Coach Caleb’s Corner – Frequent, Fresh, Flawless


Coach Caleb’s Corner

Frequent, Fresh, Flawless

Recently, Kati and I had the privilege to work as assistant instructors at the StrongFirst Girya kettlebell instructor certification in New York City. This was the fourth kettlebell certification we’ve assisted at, but it was our first trip to the Big Apple. The city was thrilling to visit, and the opportunity to reconnect with our instructor community was invaluable, as usual! We always come home reinvigorated with the latest and greatest training techniques, tips and cues from the best in the business, and are anxious to share these tricks of the trade to help our Breakthrough gym members get the results they’re looking for. The fundamental “hard style” principles are as relevant now as they were when we began teaching almost 10 years ago, but a new phrase caught my attention during the course in NY, and it sums up our approach to training quite well. Frequent, Fresh, Flawless!


So what could those three “F’s” have to do with lifting weights? They are actually a very concise instruction manual for strength training! Train your strength often (Frequent), when you are rested enough (Fresh), striving to perform with perfect technique (Flawlesss); that’s what it’s all about. Like the Hokey Pokey. (I’m not actually sure what that’s all about, but the song is quite emphatic that that is indeed what it’s all about.) In any case, failed reps and burpees to the point of exhaustion need not apply for time on your training calendar. With the amount of FOMO (fear of missing out) that is perpetrated by the fitness industry, you’d think you need to run obstacle course races, compete in weightlifting and train like a Navy SEAL six days a week in order to get fit and strong. You don’t. By practicing a few skills that carry over to a large number of athletic endeavors, we can achieve amazing things and avoid wasting hours in the gym on junk reps.

When you practice something often, with a high attention to proper technical performance, you will become more skilled at that thing. Learning how to create more tension in a muscle (squeezing it harder) is one of the keys to getting more strength without necessarily adding any unwanted size. A muscle capable of more intense contractions performs better, and looks good naked too! (I say this for those of you in the “firm and tone” camp who are wondering if this applies to you. It does!) By squeezing energy out of a multitude of accessory muscles and channeling it to the prime movers for an exercise, we enable greater and safer expressions of strength in our training. We call this irradiation. It’s a skill we use “frequently” because we’ve stayed “fresh” enough to have the energy to do it. The most powerful neural generators of this tension are the abdominals, gluteus and grip muscles, by the way. We like the look of firm abs and tight butts, but they also help us generate strength for almost any exercise and contribute to the “Flawless” technique component in our practice!

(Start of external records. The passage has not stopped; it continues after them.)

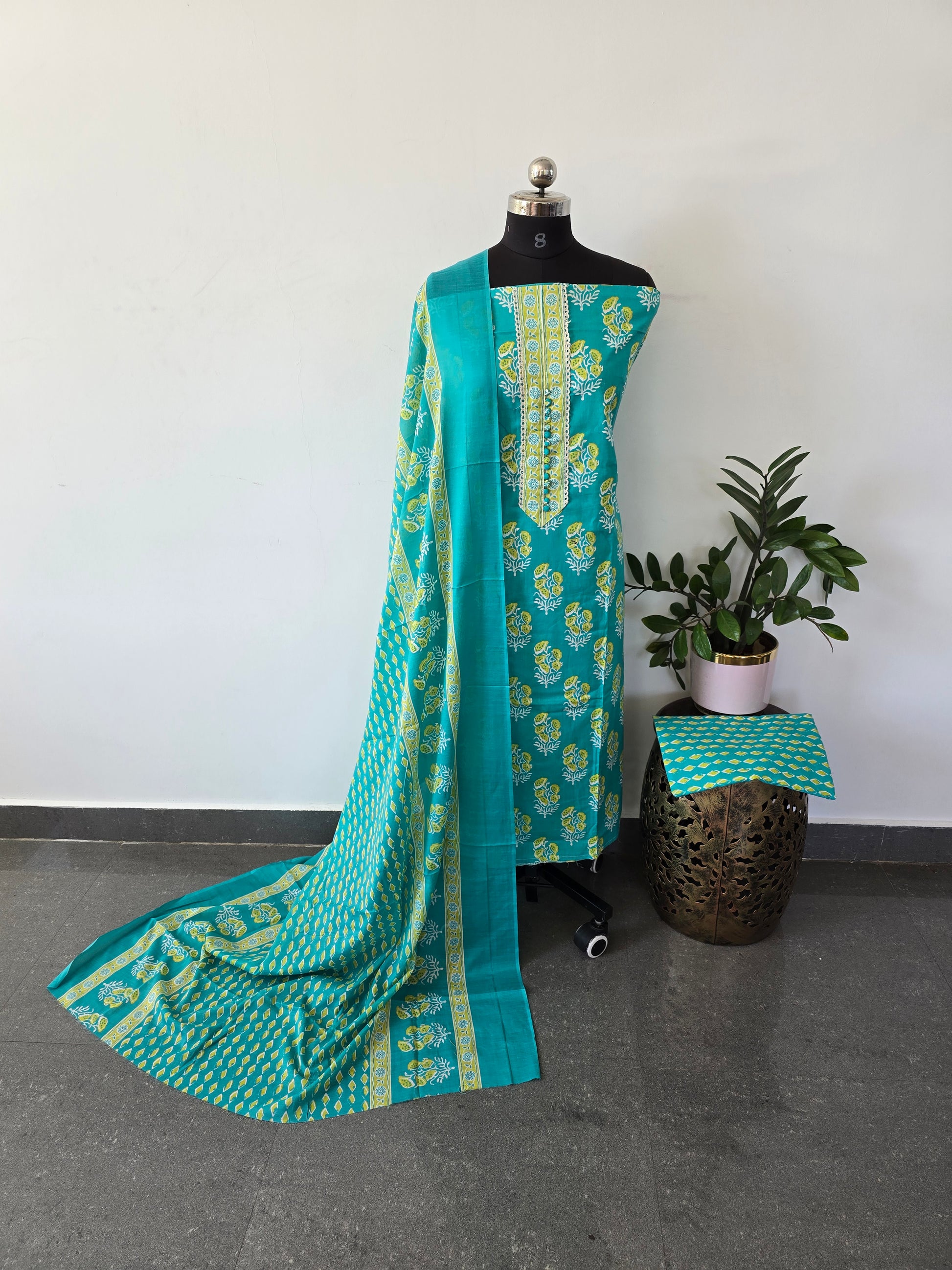 Crafted from pure cotton, this three-piece ensemble features a kalamkari-printed neckline on the top, coordinating printed bottom, and a matching dupatta. Ideal for professional settings and everyday wear, the natural fiber ensures breathability and comfort throughout the day while the traditional print adds understated sophistication to your wardrobe.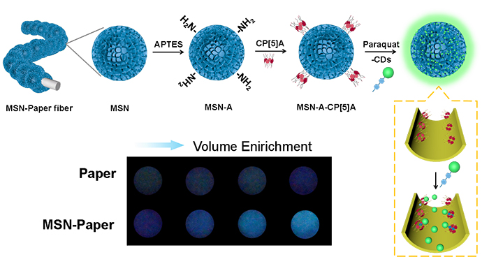 近日,中国科学院大连化学物理研究所化学传感器研究组研究员冯亮团队在纸基光化学传感器的信号放大研发中取得新进展。团队构建了新型介孔二氧化硅功能化纸基传感器,通过柱芳烃超分子识别系统,实现了农药百草枯的高效捕获和分析。该工作为纸基光化学传感器痕量食品安全危害因子快速筛查技术的产业化应用提供了新的思路。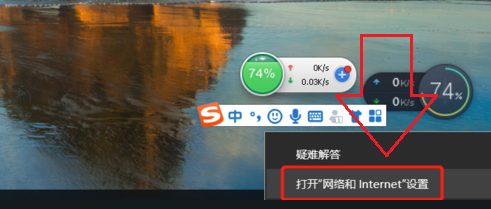首先右击网络图标并点击“打开网络和Inernet设置”。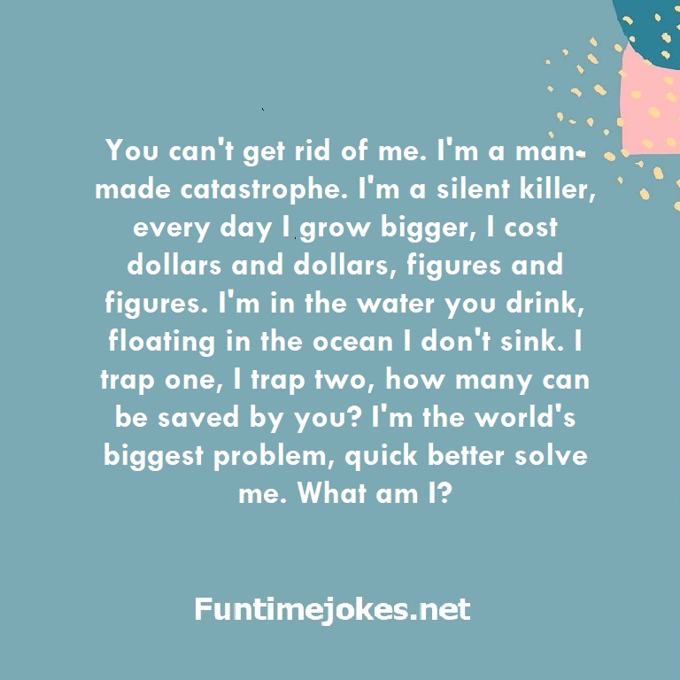You can't get rid of me. I'm a man-made catastrophe. I'm a silent killer, every day I grow bigger, I cost dollars and dollars, figures and figures. I'm in the water you drink, floating in the ocean I don't sink. I trap one, I trap two, how many can be saved by you? I'm the world's biggest problem, quick better solve me. What am I? is one of the best riddle of the day.We have best collections of riddles, You can see our best collection of Tricky Riddles with Answer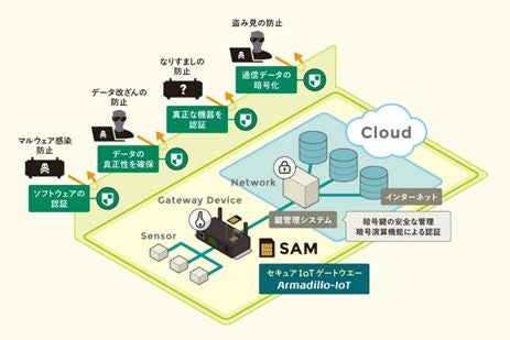 このゲートウエー端末は、アットマークテクノの産業機器向け組み込みプラットフォーム※2「Armadillo(アルマジロ)」をベースに、アットマークテクノとコネクシオが共同開発したIoTゲートウエー端末に、DNPがICカード事業で培ったデジタルセキュリティ技術を応用して開発したSAMを搭載しています。
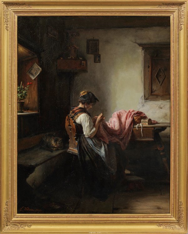 In der Stube eines oberbayerischen Bergbauernhofes sitzendes Mädchen bei der Näharbeit, hinter ihr eine auf einer Bank schlafende Katze. Sehr stimmungsvolle, heimelige Darstellung in nuancenreichem Kolorit, meisterhaft in der Wiedergabe des Stofflichen und der effektvollen Lichtführung. Charakteristische Genreszene des bedeutenden Münchener Malers. Vollmar studierte seit 1858 an der Münchener Akademie bei Johann Georg Hiltensperger und Hermann Anschütz, er besuchte die sog. "Componirschule" bei Philipp Foltz und ein Semester die Kunstakademie Karlsruhe, ging aber wieder nach München zurück, wo er 1866-1870 seine künstlerische Ausbildung bei Arthur von Ramberg vollendete. Öl/Lwd., doubl.; L. u. sign. mit Ortsangabe München. 92,5 cm x 73,5 cm. Rahmen.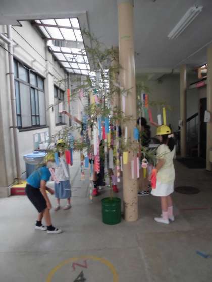 今,子どもたちの健やかな成長を願ったものや様々な願いが書かれた短冊が給食室前に飾られています。子どもたちも一人一人願い事をつるしました。地域のみなさんと七夕飾りでの交流が実現しました。

Now let’s talk about staying fresh while you practice. (As it applies to your training, at least. Personal hygiene is important too but outside the scope of this discussion.) That’s right, I used the word “practice,” not “work out.” By this, I mean performing mentally focused athletic drills or lifts, while rested enough to execute a few near perfect repetitions. These reps are almost never close to the point of failure, with a perceived rate of exertion of only about seven out of ten. How can that be challenging enough work to get us big results? Well, the benefits of lower repetition, moderate intensity practice are well documented in our StrongFirst training manuals. Soviet researchers discovered that as their weightlifters became stronger using these protocols, the same degree of tension generated by their muscles was accompanied by lower electrical activity. In other words, it took less mental effort to lift the same weight. They stayed very fresh.

Furthermore, moderately intense (not high intensity) stimulation of nerve cells commanding the muscles (motorneurons) increases the strength of synaptic connections, and such motor activity promotes the wrapping of nerves with myelin, a neural insulator. This reduces any “leakage” of the nerve force, turning the wiring responsible for an exercise into a “superconductor.” So, by staying fresh, frequent and flawless in your practice, the same level of effort can produce harder muscle contractions. Congratulations! You just got stronger using the science of training, and you didn’t even have to become a sweaty mess to do it. Although some of us might love the feel of that constant burn in our training, in actual fact we’re probably just performing a lot of junk repetitions that don’t do much more than wear us out.


So if you’re strength practice is starting to feel too hard and you’re getting worn out too much of the time, consider changing things up in favor of the three “F’s.” Frequent, Fresh and Flawless practice for a fabulous Holiday Season!